This project contains two parts:
1. An `agenix` commandline app (CLI) to encrypt secrets into secured `.age` files that can be copied into the Nix store.
2. An `agenix` NixOS module to conveniently
* add those encrypted secrets (`.age` files) into the Nix store so that they can be deployed like any other Nix package using `nixos-rebuild` or similar tools.
* automatically decrypt on a target machine using the private SSH keys on that machine
* automatically mount these decrypted secrets on a well known path like `/run/agenix/...` to be consumed.
## Contents
* [Problem and solution](#problem-and-solution)
* [Features](#features)
* [Installation](#installation)
* [niv](#install-via-niv)
* [nix-channel](#install-via-nix-channel)
* [fetchTarball](#install-via-fetchtarball)
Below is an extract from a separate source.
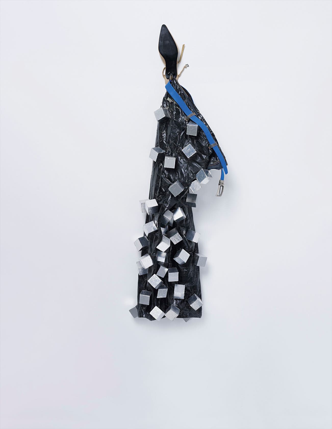 Jeans, duct tape, aluminium tape on wooden blocks, leather belt, high heel, acrylic paint

* [flakes](#install-via-flakes)
* [Tutorial](#tutorial)
* [Reference](#reference)
* [`age` module reference](#age-module-reference)
* [agenix CLI reference](#agenix-cli-reference)
* [Community and Support](#community-and-support)
* [Threat model/Warnings](#threat-modelwarnings)
* [Contributing](#contributing)
* [Acknowledgements](#acknowledgements)
## Problem and solution
All files in the Nix store are readable by any system user, so it is not a suitable place for including cleartext secrets. Many existing tools (like NixOps deployment.keys) deploy secrets separately from `nixos-rebuild`, making deployment, caching, and auditing more difficult. Out-of-band secret management is also less reproducible.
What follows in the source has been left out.